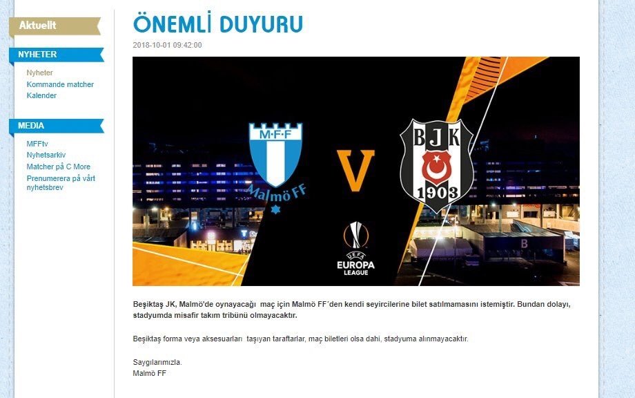 Malmö'den Beşiktaş maçıyla ilgili Türkçe açıklama yapıldı;
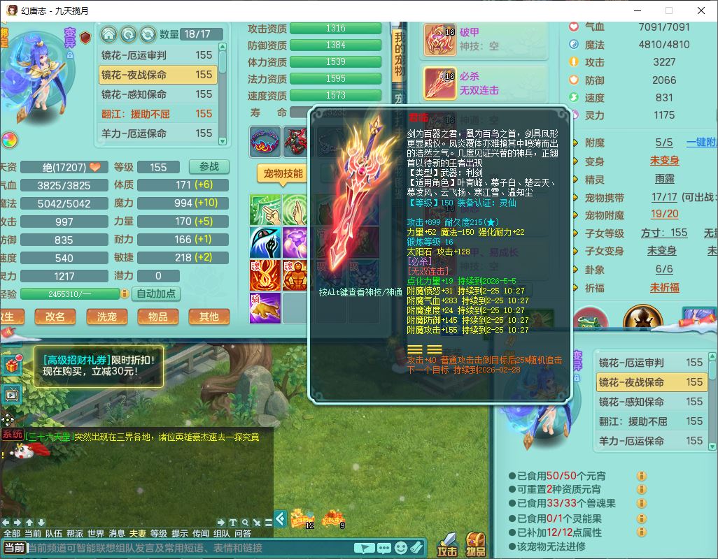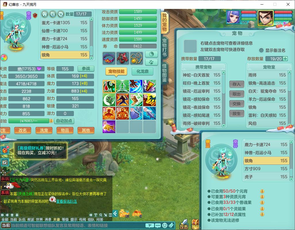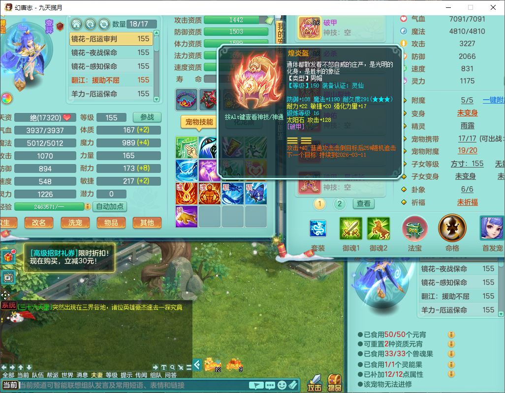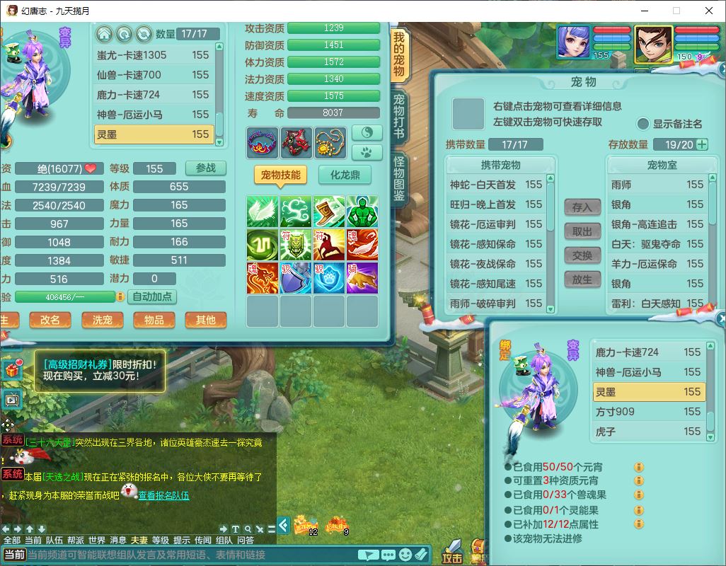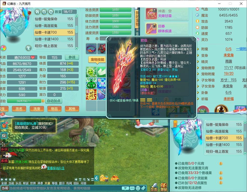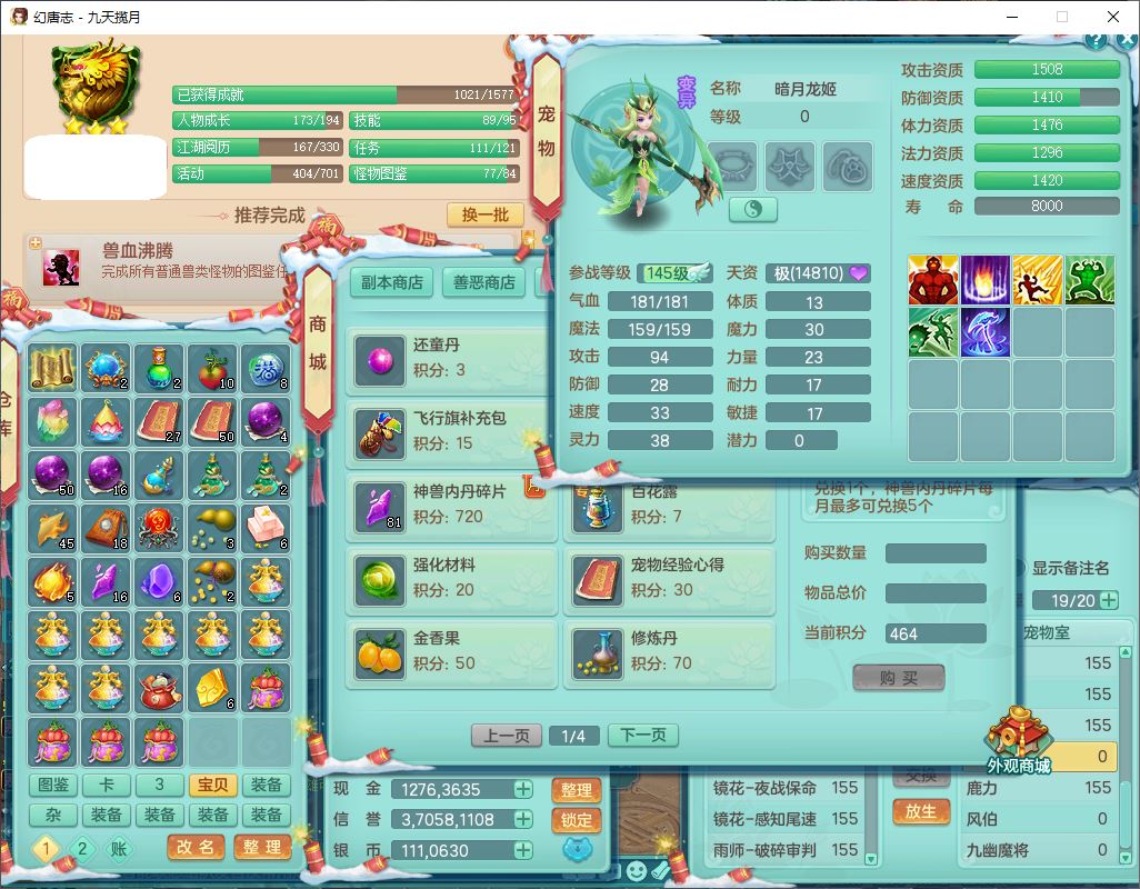 jt9560九天揽月159男天策【准潜龙号,差1只宝宝1条主符石+西瓜冰】精灵歌,5龙2内(1青蛇1龙马)4镜花9特殊(祈雨、翻江、破碎、夺命*2、剑胆、舍身、守护,墨守兽决)1龙姬胚子,7觉醒9以上六字27只满果子,17格子,8红星辰之拥双破甲装备,破甲帽子,必杀破血武器,崩山衣服,破甲Y鞋子,一套8红辅助装,回春群体疾速武器,幸运笑里鞋子,鼎5.0+70+280,法爆10.0,2套符石,20天月卡,111W神武币,18个内丹碎片,1绝版千机石,1双人坐骑
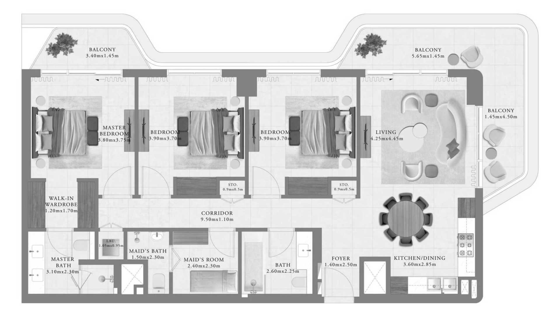 דירה ב Mina Rashid, Dubai, איחוד האמירויות 3 חדרי שינה, 156 מ"ר מספר 694415
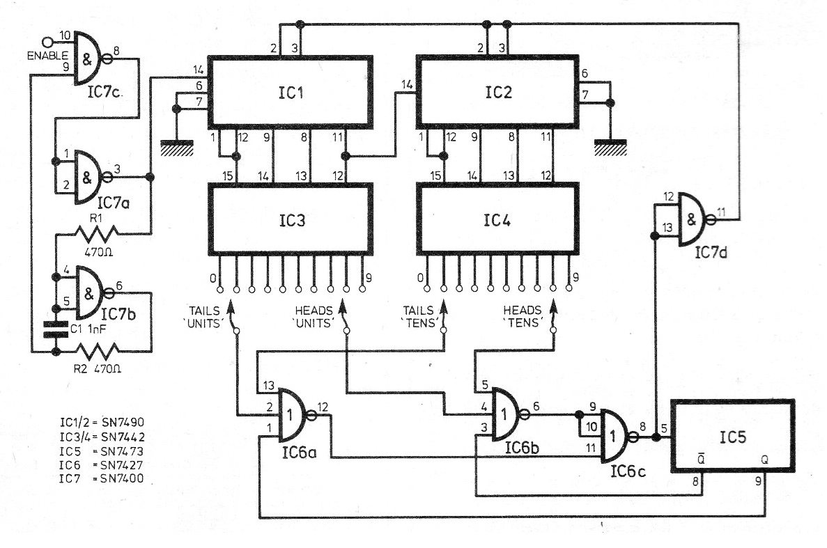 Este circuito es de una revista inglesa de 1976. Los componentes son comunes y la alimentación debe ser fea con 5 V ya que se trata de circuito TTL. Las llaves seleccionan las probabilidades de salir las faces en el sorteo.
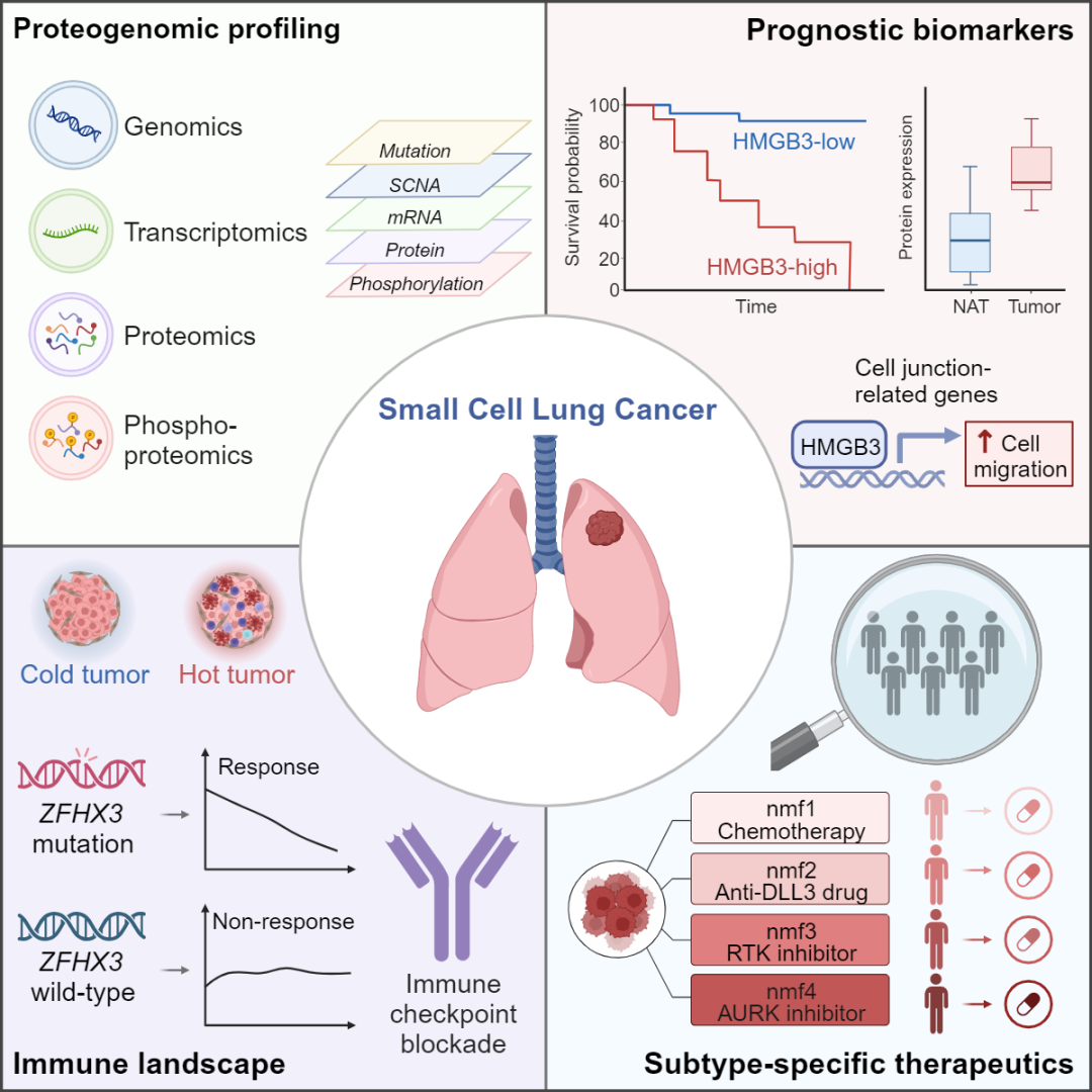 該研究對112例小細胞肺癌患者的腫瘤組織和配對癌旁組織樣本進行了蛋白質基因組學分析。通過整合基因組、轉錄組、蛋白質組、磷酸化蛋白質組等多維組學數據,團隊系統揭示了小細胞肺癌的分子特徵,為小細胞肺癌的發生發展機制、預後監測、分子分型和個性化治療策略提供了新思路。
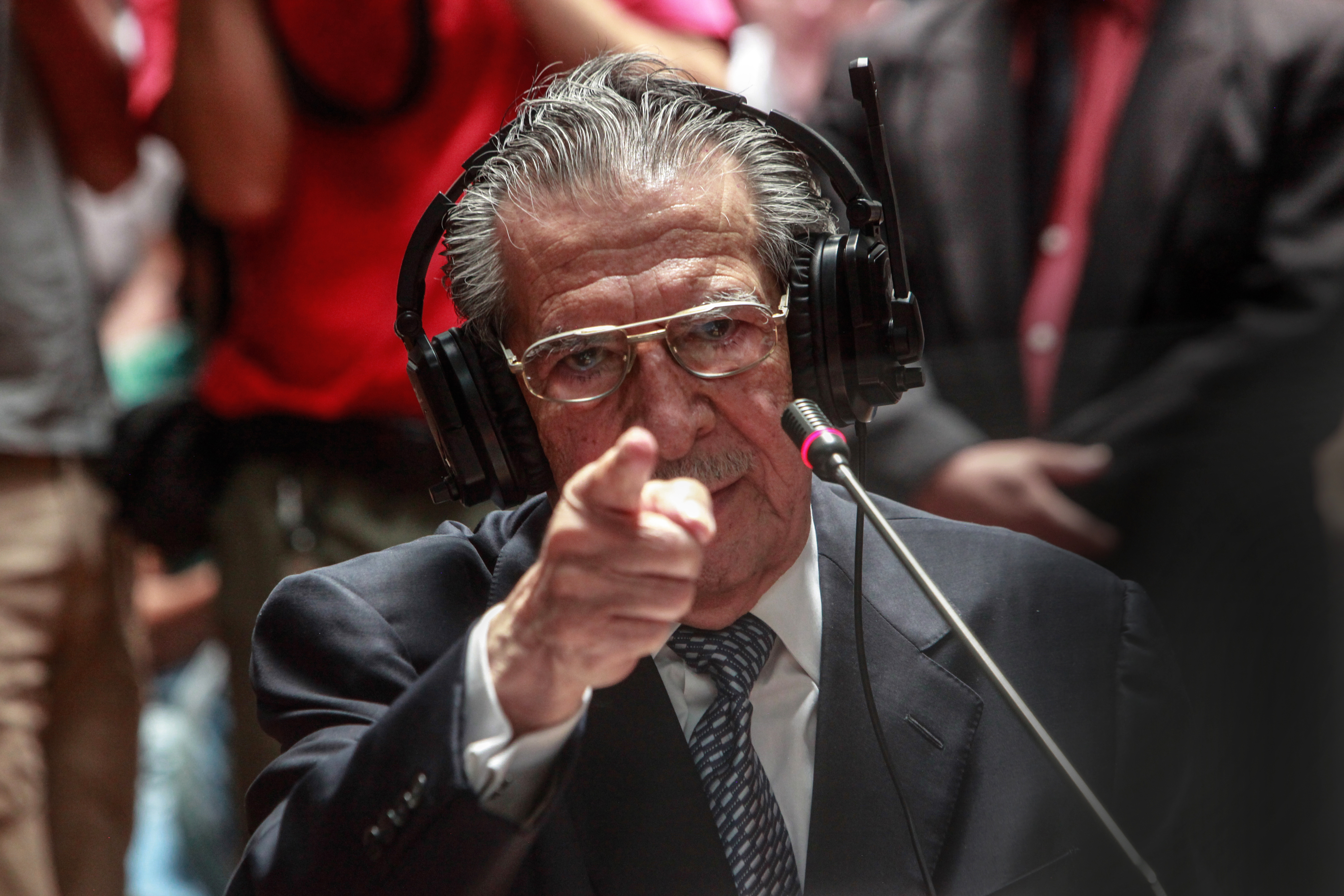 Former General Efrain Rios Montt testifying during genocide in 2013 trial. Photo: Elena Hermosa / Trocaire, licensed under Creative Commons.

--------------------------------

- _Exercise goal_: From the line that contains "jt9560九天揽月159男" down to the last line of the material above, every line must be repeated exactly, with pictures removed and both end lines included.

- _Final answer_:
 jt9560九天揽月159男天策【准潜龙号,差1只宝宝1条主符石+西瓜冰】精灵歌,5龙2内(1青蛇1龙马)4镜花9特殊(祈雨、翻江、破碎、夺命*2、剑胆、舍身、守护,墨守兽决)1龙姬胚子,7觉醒9以上六字27只满果子,17格子,8红星辰之拥双破甲装备,破甲帽子,必杀破血武器,崩山衣服,破甲Y鞋子,一套8红辅助装,回春群体疾速武器,幸运笑里鞋子,鼎5.0+70+280,法爆10.0,2套符石,20天月卡,111W神武币,18个内丹碎片,1绝版千机石,1双人坐骑
 דירה ב Mina Rashid, Dubai, איחוד האמירויות 3 חדרי שינה, 156 מ"ר מספר 694415
 Este circuito es de una revista inglesa de 1976. Los componentes son comunes y la alimentación debe ser fea con 5 V ya que se trata de circuito TTL. Las llaves seleccionan las probabilidades de salir las faces en el sorteo.
 該研究對112例小細胞肺癌患者的腫瘤組織和配對癌旁組織樣本進行了蛋白質基因組學分析。通過整合基因組、轉錄組、蛋白質組、磷酸化蛋白質組等多維組學數據,團隊系統揭示了小細胞肺癌的分子特徵,為小細胞肺癌的發生發展機制、預後監測、分子分型和個性化治療策略提供了新思路。
 Former General Efrain Rios Montt testifying during genocide in 2013 trial. Photo: Elena Hermosa / Trocaire, licensed under Creative Commons.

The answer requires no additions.